*Exercise*
Exactly as written, reproduce the lines from the beginning of the data through the line containing "Adirondack inspired home"; the pictures are not reproduced.

*Data shown*

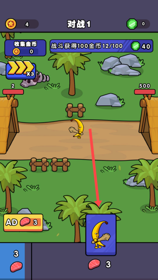 3、召喚香蕉士兵:使用食物資源召喚士兵,根據戰斗需求和資源情況,合理選擇召喚的士兵類型和數量。
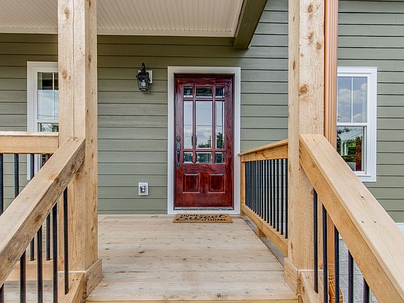 Adirondack inspired home design & details. Rocking chair front porch, beautiful mahogany door, soaring 18' ceilings & cedar framed gas FP that welcomes you into the great rm & open concept kitchen. Custom cabinetry w pull out spice drawers, hidden refuse cabinets, custom door fronts & handcrafted concrete counter, apron front sink & vintage trolly style island. Main level master suite w soaking tub, glass enclosed shower. Cedar & iron staircase, dedicated upstairs office.
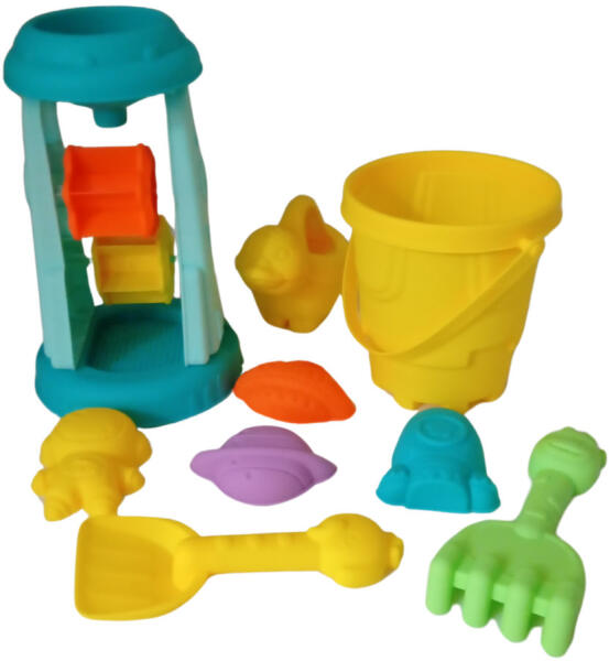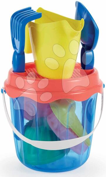 Écoiffier homokozó szett nagyon szép színes játék homokozóba gyerkőcöknek nyárra. A játék szett 9 darab szerszámból áll. Gyerek homokozó szett fő eleme az áttetsző vödör , melybe csemetéje bármit belerakhat és a vödör áttetsző falán keresztül figyelheti a tartalmát. Továbbá locsolókannából fagyis motívummal díszítve, szitából , kislapátból , gereblyéből

*Answer to the exercise*
 3、召喚香蕉士兵:使用食物資源召喚士兵,根據戰斗需求和資源情況,合理選擇召喚的士兵類型和數量。
 Adirondack inspired home design & details. Rocking chair front porch, beautiful mahogany door, soaring 18' ceilings & cedar framed gas FP that welcomes you into the great rm & open concept kitchen. Custom cabinetry w pull out spice drawers, hidden refuse cabinets, custom door fronts & handcrafted concrete counter, apron front sink & vintage trolly style island. Main level master suite w soaking tub, glass enclosed shower. Cedar & iron staircase, dedicated upstairs office.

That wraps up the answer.